FIG. 17 illustrates a schematic plan view of a memory module 4000 including a semiconductor device according to an example embodiment. Referring to FIG. 17, the memory module 4000 may include a printed circuit board 4100 and a plurality of semiconductor packages 4200.

The plurality of semiconductor packages 4200 may include semiconductor devices according to example embodiments. Also, the plurality of semiconductor packages 4200 may include at least one of the semiconductor devices as described with reference to FIGS. 13 and 14.

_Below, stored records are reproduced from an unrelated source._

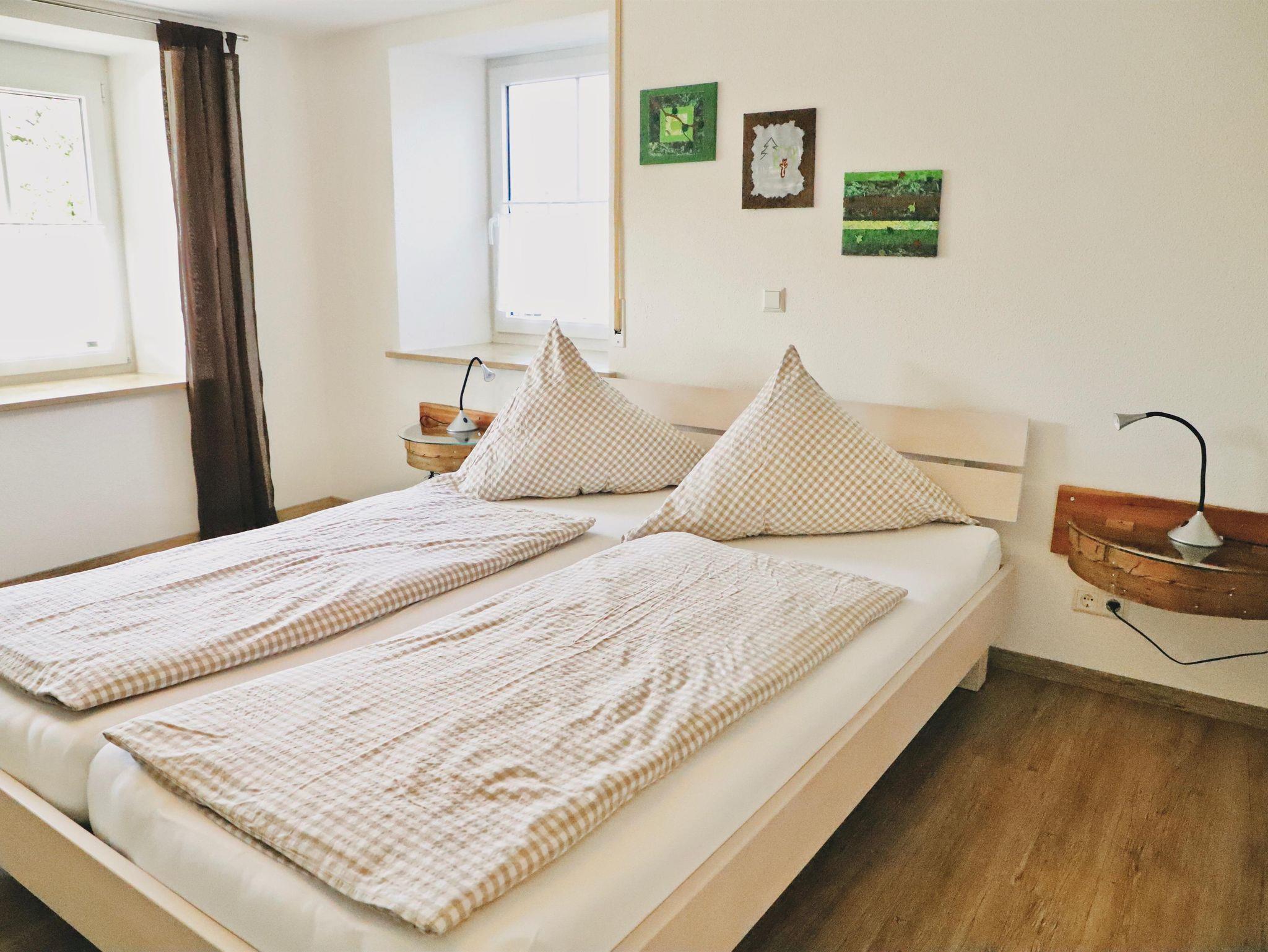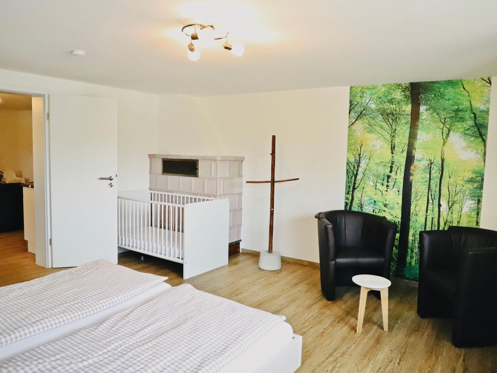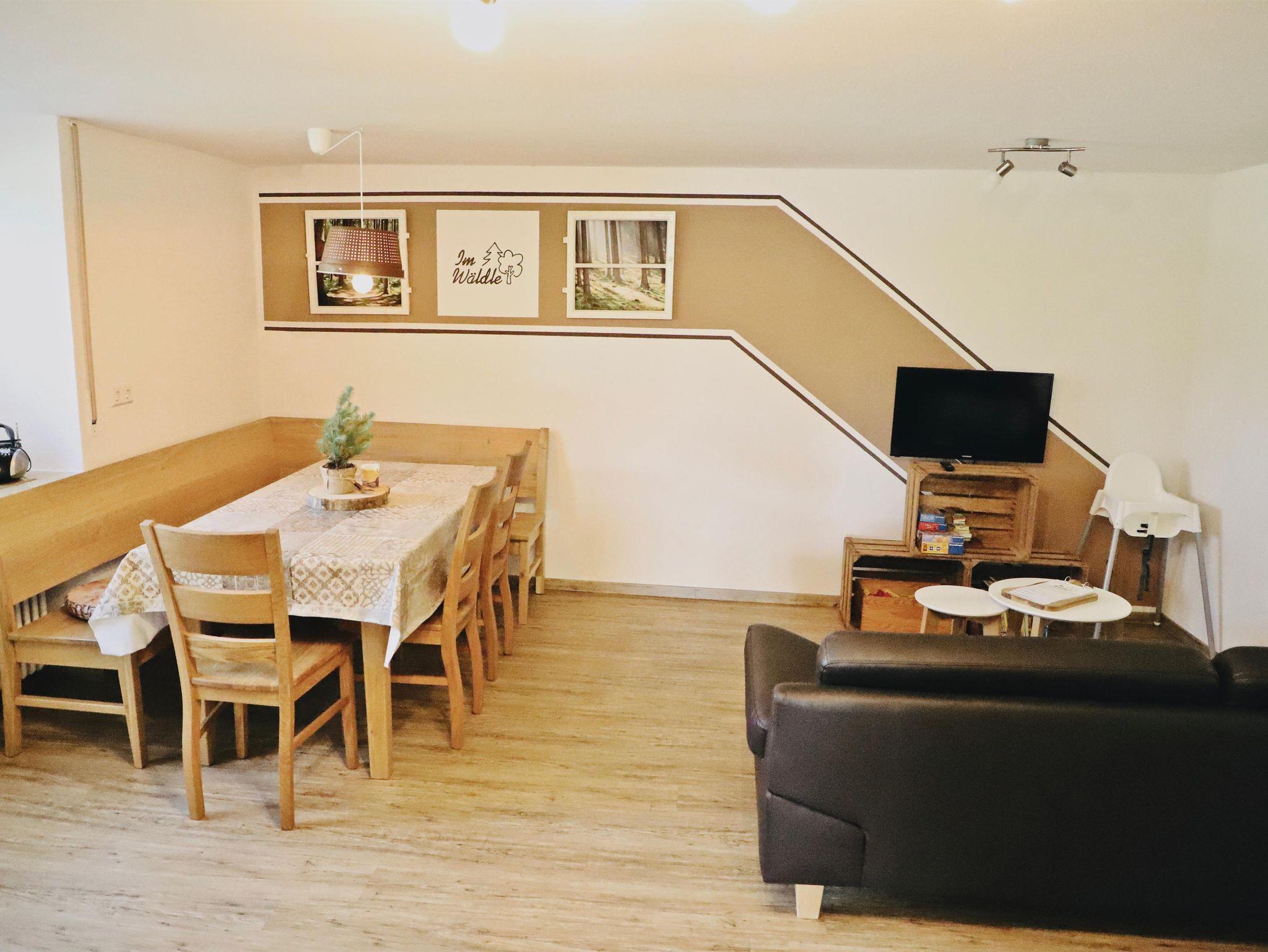 Unsere Ferienwohnung „Im Wäldle“ - benannt und entsprechend eingerichtet nach unserem Tätigkeitsbereich Forstwirtschaft - ist etwa 70 m² groß und befindet sich im Erdgeschoss. Neben einem gemütlichen Wohn-, Essbereich mit gut ausgestatteter Küchenzeile verfügt die Wohnung über ein kleines Schlafzimmer mit zwei Einzelbetten und der Möglichkeit einer Schlafcouch, ein großes Schlafzimmer – extra für Große mit einer Bettenlänge von 2,20 m – sowie ein Badezimmer mit begehbarer Dusche und ein separates WC. Eine überdachte Terrasse und ein Balkon laden zum Frische Luft schnappen ein. Baby- bzw. Kleinkindausstattung ist vorhanden.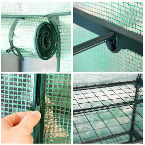 – La couverture verte en PE (140g/m²) protège contre les diffĂ©rentes conditions mĂ©tĂ©orologiques, comme les fortes pluies, le vent et la neige.La performance solaire, maintient la serre Ă l’intĂ©rieur plus chaud et contribue Ă soutenir la croissance optimale de vos plantes.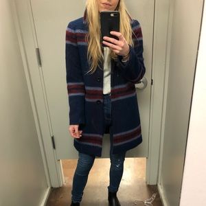 Calling all petite girls who struggle to find a fun wool coat 🙋🏼♀️ 30% Wool coat in lovely navy blue and red brushed plaid pattern making it look a bit like stripes. Classy meets festive. Size XXS petite. I am 5’1 and 108lbs for reference. Price is firm as this retails for more than double listing price.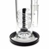 The Grav Coil Showerhead Perc Bong is an innovative water pipe equipped with a unique spiraling air path that not only looks amazing, but works to effectively cool down any rip you dare to challenge. As you inhale, your smoke will travel down the reinforced downstem and enter the base of the coil. Each hit is sent spiraling upwards through the clear glass coil, providing both an exceptional visual to watch and effectively extending the air path to give your smoke maximum time to cool down. The top of the coil redirects your smoke back into the base of the bong where a showerhead percolator sits ready for action. The showerhead perc uses multiple slits in the glass to diffuse each hit through water, filtering and moisture conditioning your smoke to silky smooth magnificence.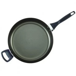 - STURDY HELPER HANDLE: Double-riveted handles provide a confident grip; helper handle aids in moving the extra large nonstick pan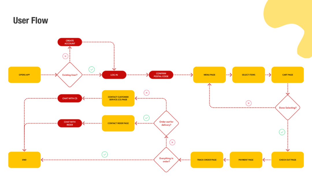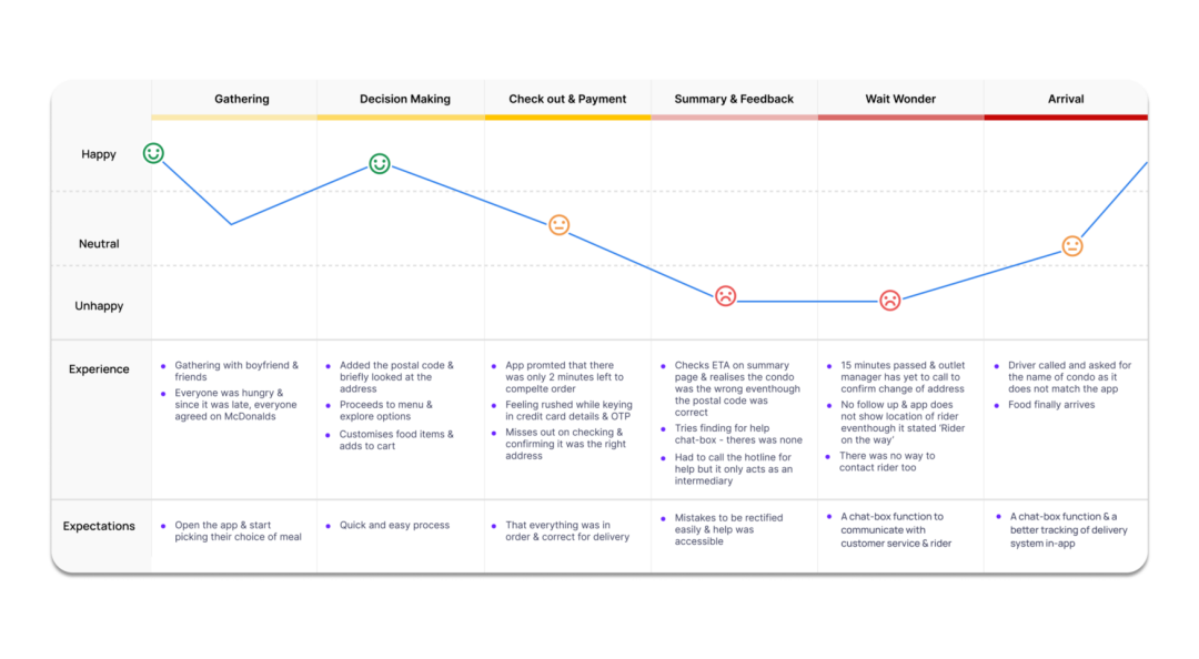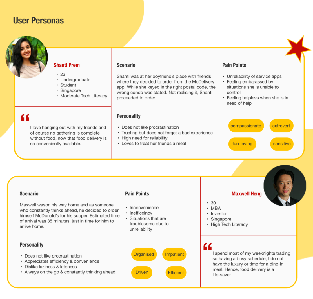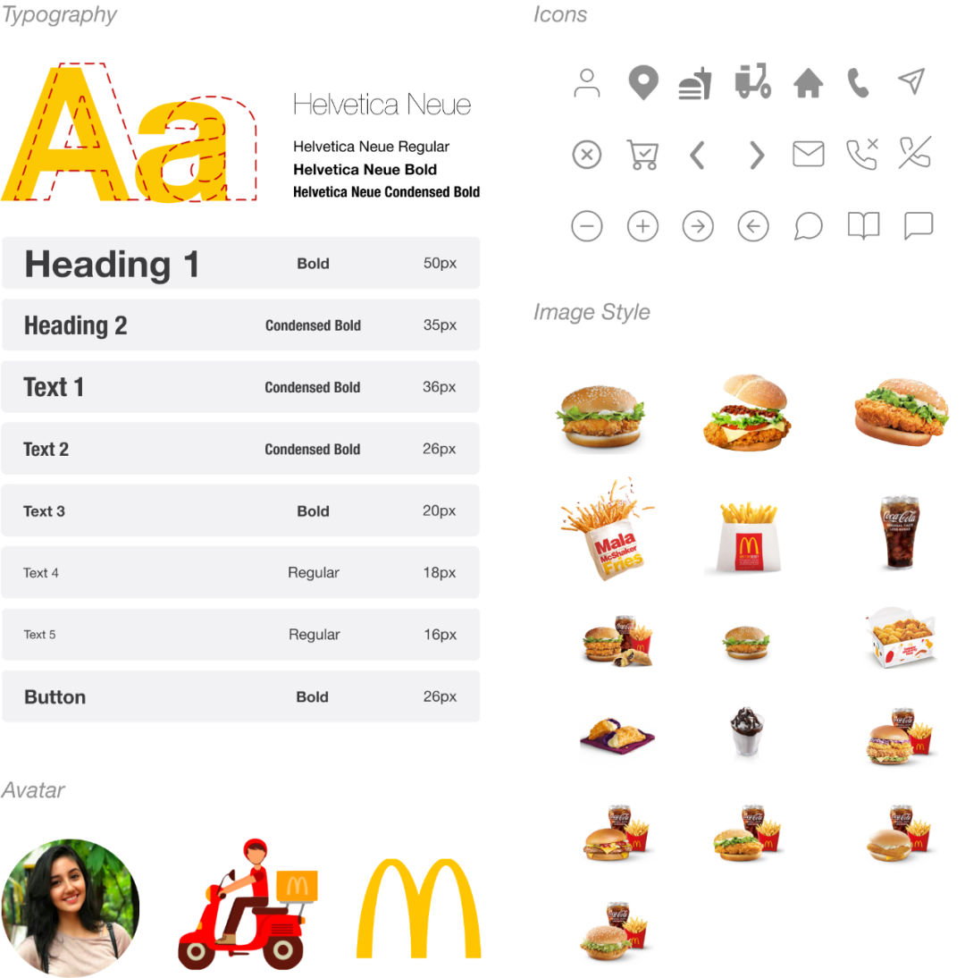 在这一案例中,设计者们作为UX/UI设计师,通过使用各种方法对当前的McDelivery进行研究,并进行了包括竞争分析、亲和图分析、线框图、风格设计等各方面的设计。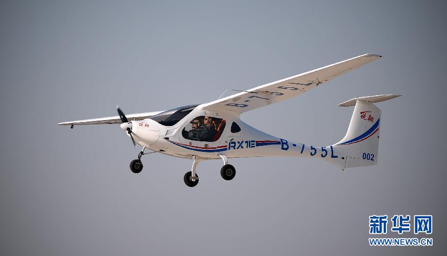 2月6日,一架RX1E锐翔双座电动轻型飞机在法库财湖机场上空飞行。当日,我国首款拥有自主知识产权的电动载人飞机——RX1E锐翔双座电动轻型飞机获得中国民航总局的型号合格审定,将进入批量生产阶段。据介绍,这款轻型运动飞机最大巡航时速可达150公里,最高升空距离3000米,最大起飞重量约500公斤。飞机采用全碳纤维复合材料结构机体,以锂电池为能源,每充电一个半小时就可飞行45-60分钟。新华社记者 姚剑锋 摄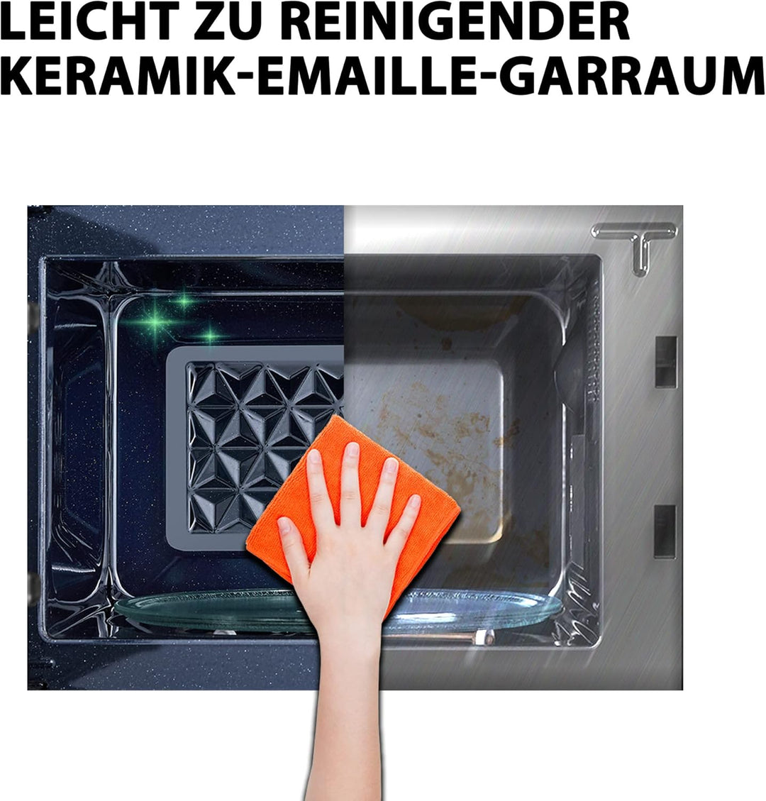 - 【Produktmerkmale】 800 Watt Mikrowellenleistung mit 5 Leistungsstufen, externe Abmessungen (B*T*H): 462*381*285mm, interne Abmessungen (B*T*H): 307*297*216mm, ⌀ 245mm Drehteller mit automatischer Positionierung/WEEE-Nr.: DE55703080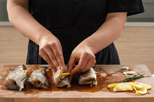 Insert lemon, a clove of garlic, and a sprig of rosemary into the belly. Let marinate for 15 minutes.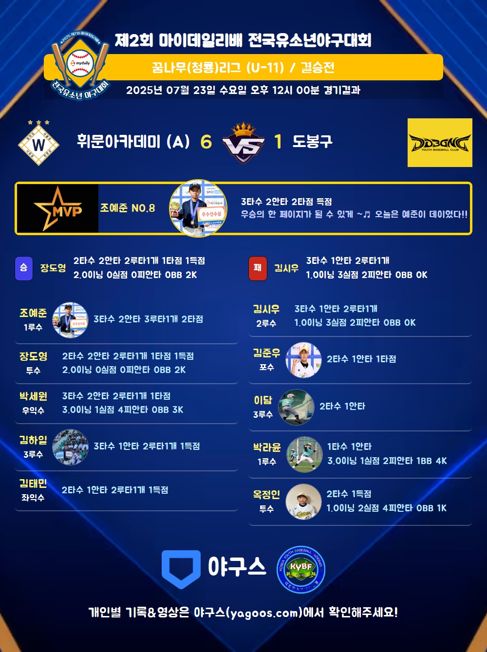 | 2 | 一 | 조예준(8) | 삼진 | - | 우월3(1타점) | - | 우월안(1타점) | 3 | 2 | 2 | - | - | - | - | 1 | 0.667 |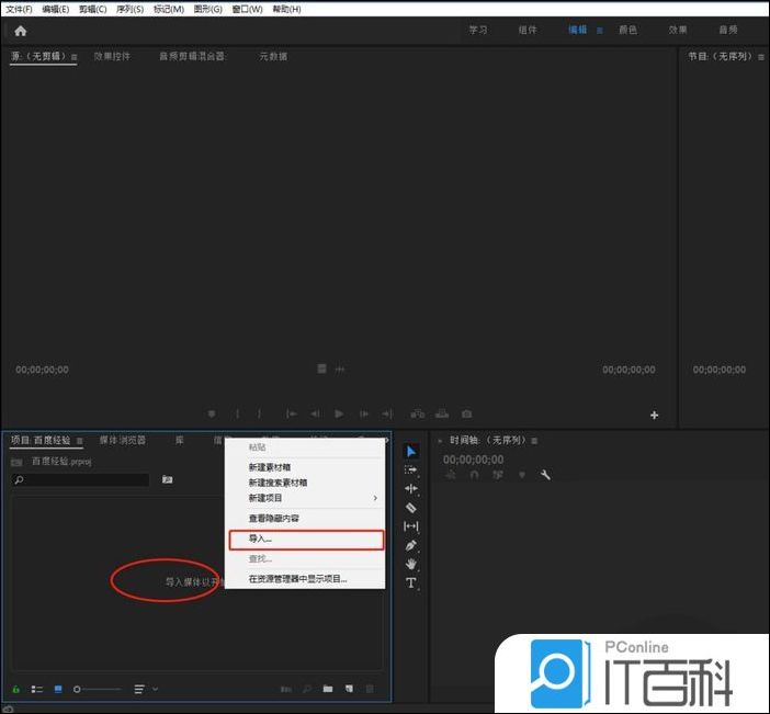 3、进入项目后,在左下角“ 导入媒体 **”这里单击右键,选择导入事先准备好的视频,导入后,并拖到右边的时间轴编辑框,如图

The memory module 4000 according to the current embodiment may be a single in-lined memory module (SIMM), i.e., where the plurality of semiconductor packages 4200 are mounted only on one of surfaces of the printed circuit board 4100, or dual in-lined memory module (DIMM), i.e., where the plurality of semiconductor packages 4200 are mounted on two surfaces of the printed circuit board 4100. Also, the memory module 4000 may be a fully buffered DIMM including an advanced memory buffer (AMB) that provides signals from the outside to each of the plurality of semiconductor packages 4200.

FIG. 18 illustrates a schematic view of a memory card 5000 including a semiconductor device according to an example embodiment. Referring to FIG. 18, the memory card 5000 may be disposed such that a controller 5100 and a memory 5200 exchange electrical signals with each other. For example, when the controller 5100 gives a command, the memory 5200 may transmit data.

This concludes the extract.